Your task: Skipping all images, output the listing word for word.

*** Input data Section Begins ***

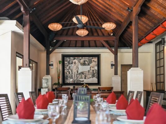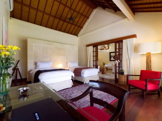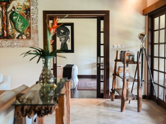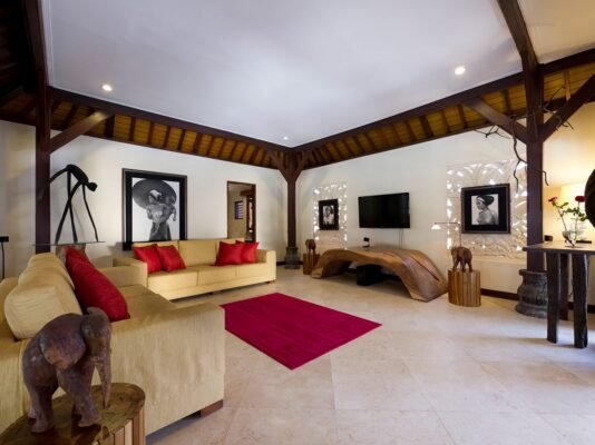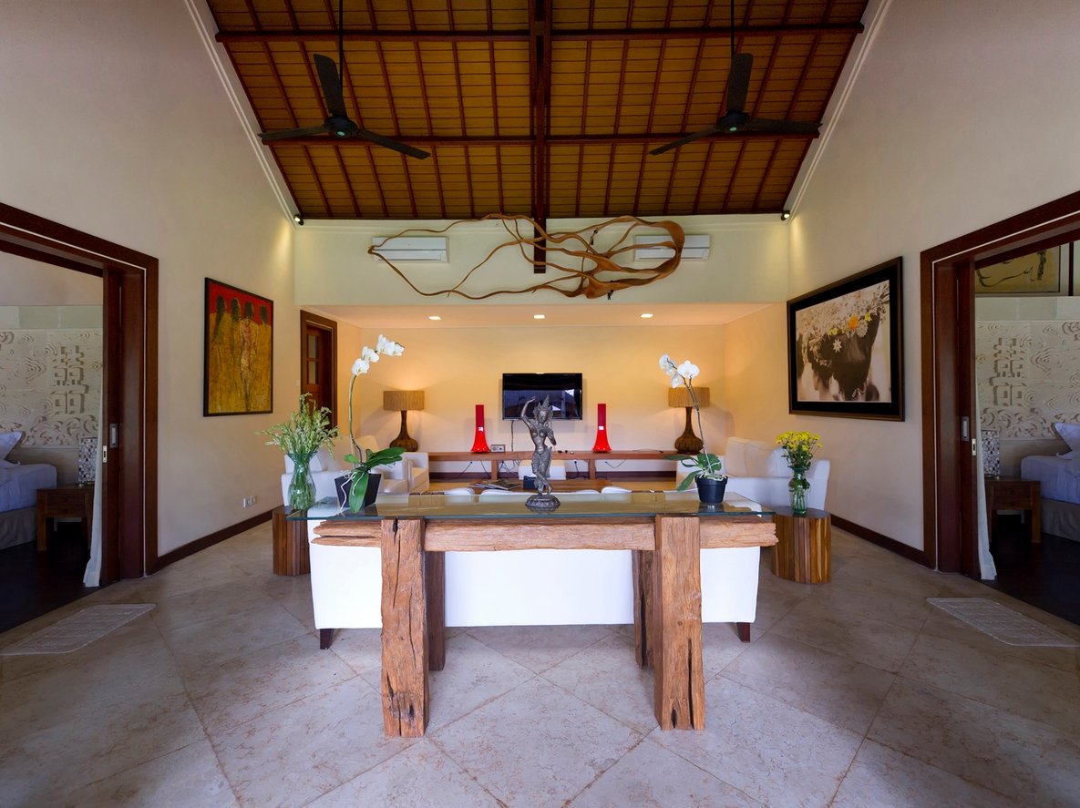 The villa’s heart is the modern two-storey living pavilion with a curated collection of wooden art pieces and open-sided living areas. The six-bedroom suites are positioned discreetly around this central pavilion, offering both privacy and easy access to communal spaces.
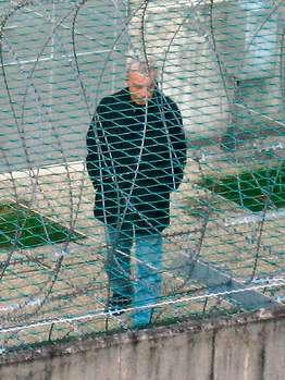 日前,弗萊茨勒在監(jiān)獄里放風(fēng)時的照片被媒體公布,從這組照片中我們看到,弗萊茨勒穿著藍(lán)色的牛仔褲和高領(lǐng)的黑色夾克,頭低垂,眼睛盯著地面,手深深地插在上衣口袋里。他在監(jiān)獄的空場上一個人轉(zhuǎn)著圈子踱步,周圍是數(shù)米高帶著鐵絲網(wǎng)的監(jiān)獄圍墻。
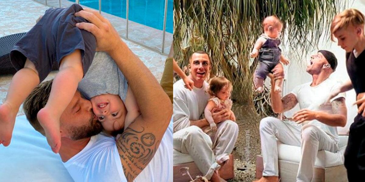 La familia en pleno lo celebró con un día de playa y es en esas imágenes donde se nota el increíble parecido con Ricky, heredaron lo guapo de su padre.
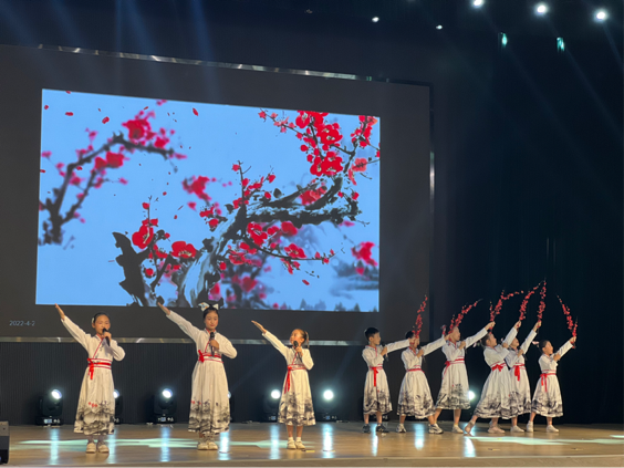 悠悠書香促成長(zhǎng),一二三年級(jí)學(xué)生通過吟誦《梅花夢(mèng)》《雪月梅花》《梅花頌》《梅花吟》等一首首經(jīng)典詩詞,稚嫩童聲,聲聲入耳,句句繞梁,跨歷史長(zhǎng)河,越千年歲月,賞音律之美,悟梅花精神,養(yǎng)君子之風(fēng)。

*** Input data Section Ends ***

Answer below:
 The villa’s heart is the modern two-storey living pavilion with a curated collection of wooden art pieces and open-sided living areas. The six-bedroom suites are positioned discreetly around this central pavilion, offering both privacy and easy access to communal spaces.
 日前,弗萊茨勒在監(jiān)獄里放風(fēng)時的照片被媒體公布,從這組照片中我們看到,弗萊茨勒穿著藍(lán)色的牛仔褲和高領(lǐng)的黑色夾克,頭低垂,眼睛盯著地面,手深深地插在上衣口袋里。他在監(jiān)獄的空場上一個人轉(zhuǎn)著圈子踱步,周圍是數(shù)米高帶著鐵絲網(wǎng)的監(jiān)獄圍墻。
 La familia en pleno lo celebró con un día de playa y es en esas imágenes donde se nota el increíble parecido con Ricky, heredaron lo guapo de su padre.
 悠悠書香促成長(zhǎng),一二三年級(jí)學(xué)生通過吟誦《梅花夢(mèng)》《雪月梅花》《梅花頌》《梅花吟》等一首首經(jīng)典詩詞,稚嫩童聲,聲聲入耳,句句繞梁,跨歷史長(zhǎng)河,越千年歲月,賞音律之美,悟梅花精神,養(yǎng)君子之風(fēng)。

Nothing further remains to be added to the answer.